In the medium-term future, Libya’s economy may receive a boost from American investment. Commerce Department sources indicated that Libya could soon be included in the Eizenstat Initiative, a U.S. trade scheme for North Africa valued at $2 billion. The U.S.-Libya rapprochement has not, however, proceeded entirely smoothly. While many had expected the State Department’s 20-year travel ban to be lifted, the U.S. Senate issued a surprising recommendation to continue the prohibition on US citizens travelling to Libya.
For the moment, Libya would best be served by focusing its efforts on rectifying its diplomatic and commercial ties with the more proximate Europe. Romano Prodi has worked vigorously to bring Libya into the EU's Barcelona partnership program, which links 26 European and Mediterranean countries. Inclusion in such an initiative would instantly boost Libya's international standing.
International executives have been responding to opportunities posed by lingering American economic sanctions. Hundreds of businesspeople from Britain, France, Italy, Russia, China and Canada have recently visited Libya, lured by its roughly $12 billion in annual oil revenue. The British oil firm Lasmo is one of the numerous multinationals to have signed hefty contracts. In addition, Airbus, the European aircraft consortium, is prepared to sell 24 passenger jets valued at $1.5 million to Libya's national carrier.
Since the U.S. administration continues to prohibit commercial activity with Libya, American firms are the main losers in the game. Recognizing this lost opportunity, US businesspeople with strong political connections have initiated a quiet but feverish lobbying campaign to have this ban lifted. These efforts have borne fruit. Following Qadhafi's release of the two Lockerbie suspects, the White House eased economic sanctions on food and medicine. Plans are currently in an advanced stage to ship 20,000 tonnes of durum wheat to Libya, and tens of millions of dollars of additional deals could be signed by the end of this year. Furthermore, the US government has permitted Occidental Petroleum and Oasis, a consortium consisting of Conoco, Marathon and Amarada Hess, to survey wells they once operated.
In recent months, Qadhafi has publicly acknowledged the need to diversify the economy beyond the energy sector. The Libyan ruler had grown increasingly frustrated with the government's protracted dependence on oil revenues, which account for approximately 95 percent of the state's foreign exchange revenues. The recently approved revised budget includes expenditures of $6.65 billion (versus $7.58 billion in 1999). Merely 20 percent of spending will be derived from oil revenues.

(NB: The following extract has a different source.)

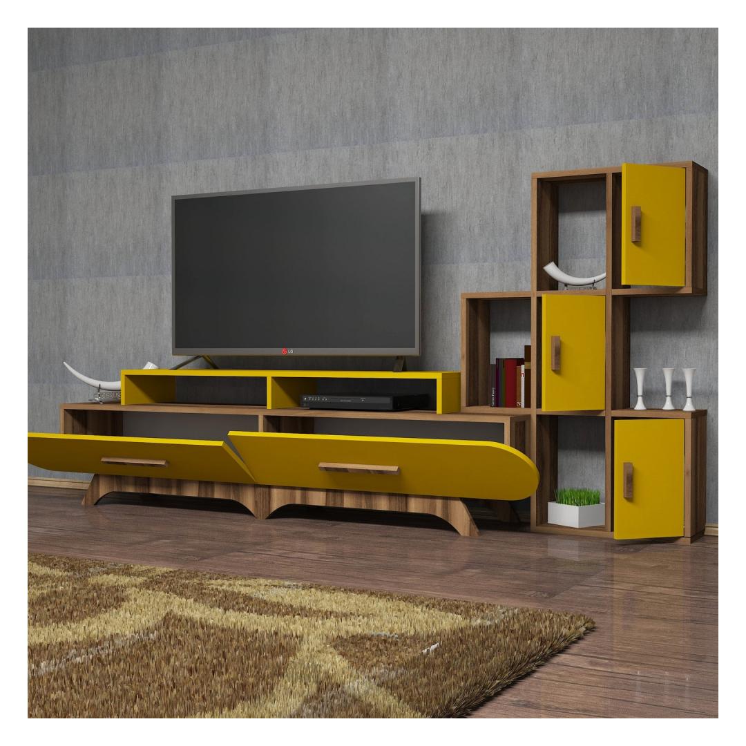 TV laud Flora S - Walnut, Yellow

These figures do not, however, signify that aggregate public expenses are due to shrink. In the 2000 development budget, which is separate from the main budget and consists primarily of infrastructure investment, spending will be doubled to $3.82 billion. 70 percent of these outlays will accrue from oil export proceeds. Higher oil prices also strengthen the Libyan economy. Last year's real GDP growth reached 5.4 percent, higher than a previous forecast of 4.2 percent. This year, the economy is projected to expand by 4.7 percent.

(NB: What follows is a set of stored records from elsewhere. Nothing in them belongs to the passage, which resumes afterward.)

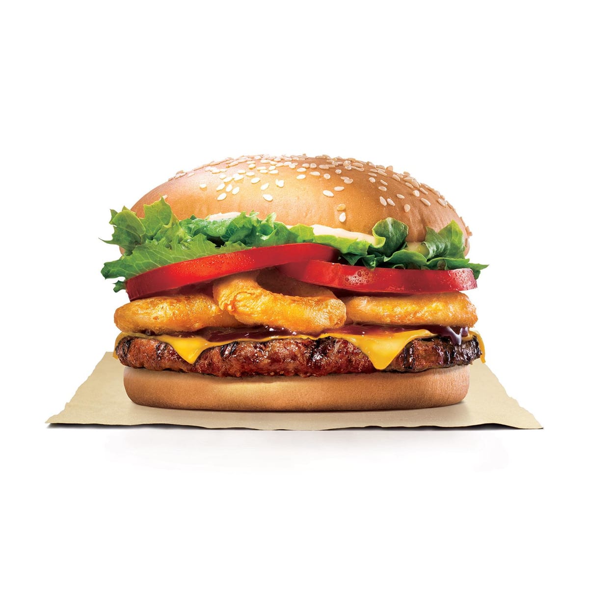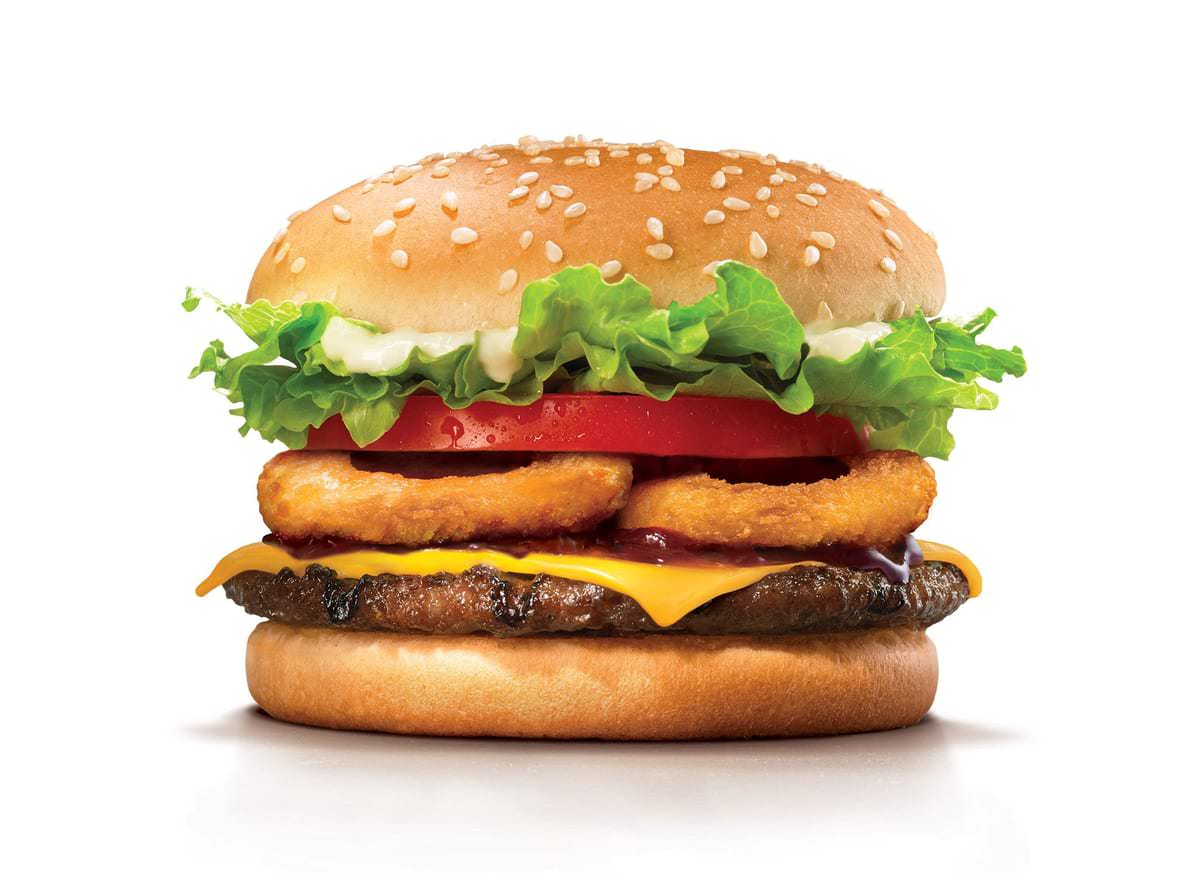 バーガーキング自慢の直火焼き100%ビーフパティと、サクサクとした歯ざわりのオニオンリング、そしてコクのあるチェダーチーズとシャキシャキの野菜をサンドし、スモーキーな味わいのBBQソースで仕上げた満足感のあるバーガーです。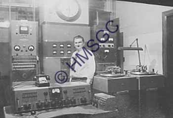 Accession Number:2001-51.10 Accession Date: Condition:fair Location:Ward, box 3, folder 1 Keywords:Ward, KTTS, television, radio, Chancellor, Control Room, Walnut, Hubbell, men Area of Origin:Springfield, MO Period:ca. 1960 Category:documentary artifact Object:print, photographic Maker:uk Description/History:A black and white photo of Control Room, Conference Building on Walnut St. Homer Hubbell (center). News-Leader Photo Information:
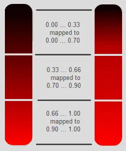 feComponentTransfer重的type类型有四种,table其中一种。如下图,将 tableValues="0.0 0.7 0.9 1.0 " 时,横轴会分为三等份:0.0 0.33 0.66 1,分别对应的纵轴为 0.0 0.7 0.9 1.0。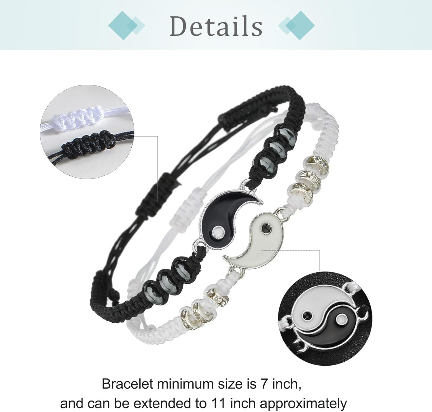 Introducing the perfect symbol of friendship and connection – the Best Friend Bracelets for 2 Matching Yin Yang Adjustable Cord Bracelets. This set of bracelets is a meaningful way to celebrate your bond with your best friend, partner, or loved one.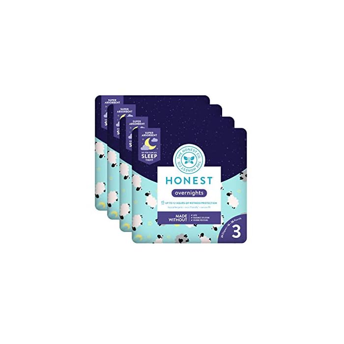 Honestly Secure Fit: Soft, stretchy side panels, comfy elastic waistband, sure-fit leg cuffs and fastening tabs for a fitted diaper that’s gentle on your baby’s skin while stopping those nighttime leaks – sweet dreams!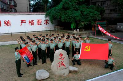 ”七一”前夕,省武警二支队六中队官兵组织全体党员,在省委大院开展重温入党誓词和忠诚卫士誓词活动。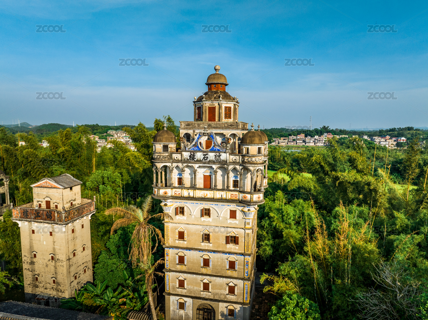 世界文化遗产广东开平锦江里瑞石楼稻田碉楼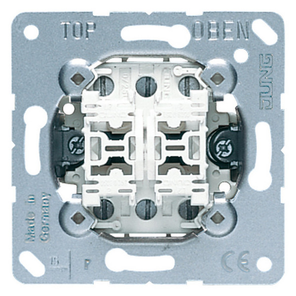 Механизм переключателя 2-клавишного Jung коллекции JUNG, скрытого монтажа, модель 509U - это качественное и надежное устройство для управления освещением или другими электрическими устройствами в помещении. Он обеспечивает удобное переключение между двумя различными режимами работы и имеет стильный дизайн, который отлично впишется в любой интерьер. Механизм скрытого монтажа обеспечивает эстетичный внешний вид и позволяет установить переключатель так, чтобы он не привлекал лишнее внимание. Продукт отличается высоким качеством исполнения и долгим сроком службы, что делает его идеальным выбором для любого помещения.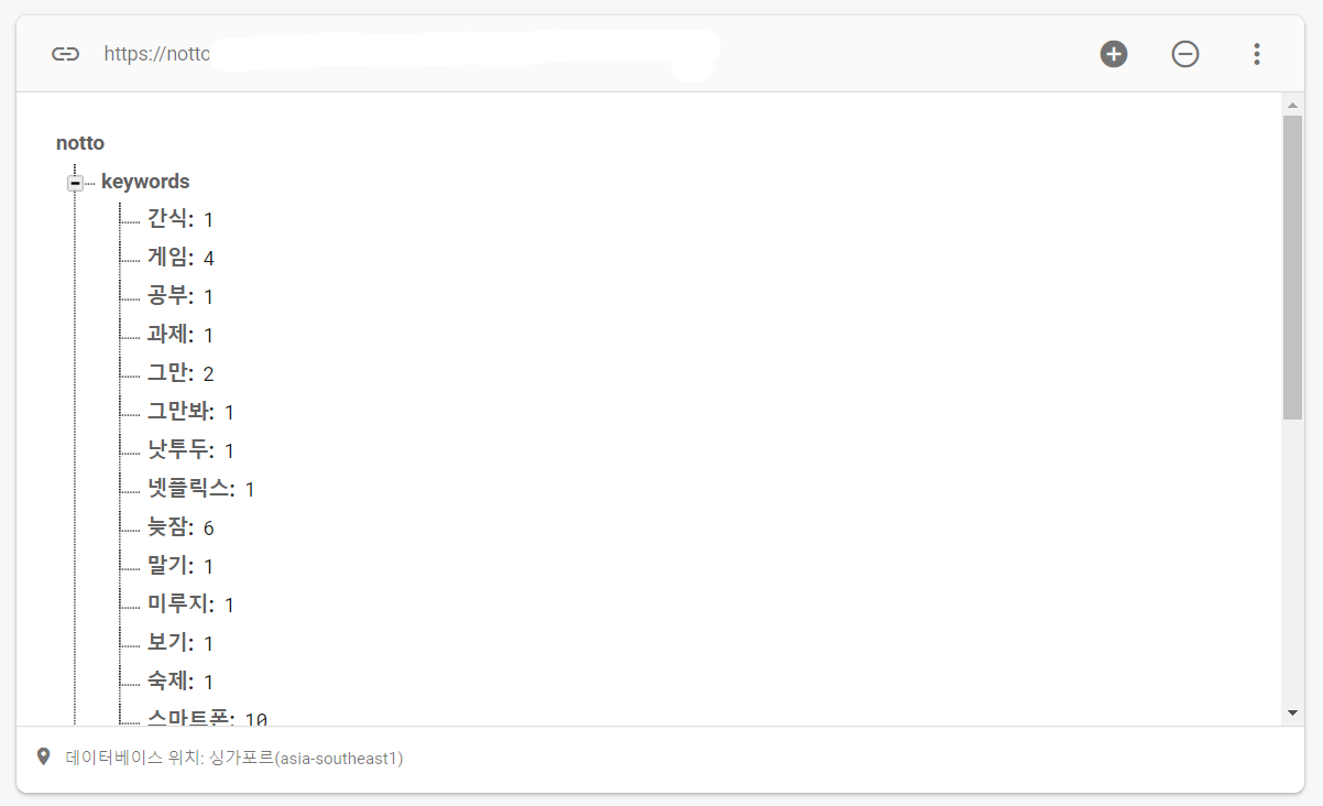 - 품사 분석기 라이브러리를 사용해 추출한 키워드를 Firebase Realtime Database에 저장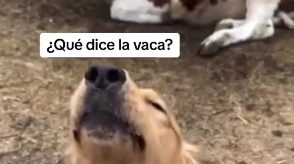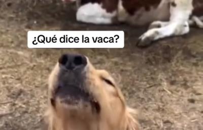 En el clip se escucha decir a una mujer “¿qué dice la vaca?”, por lo que el perrito, que parecer ser un Golden Retriever, responde tratando de imitar el característico sonido que realizan estos animalitos.

The Camp Ziest trial signifies a new phase in this North African state’s international relations. Libya is already bearing the fruits of relaxed international economic sanctions, as numerous commercial contracts have recently been signed. Foreign interest is strong in this market, which possesses bountiful oil resources and the need to build up an underdeveloped national infrastructure system. Qadhafi and the country’s administration should approach this rare opportunity prudently by accelerating economic reform and solidifying the country’s foreign investment laws.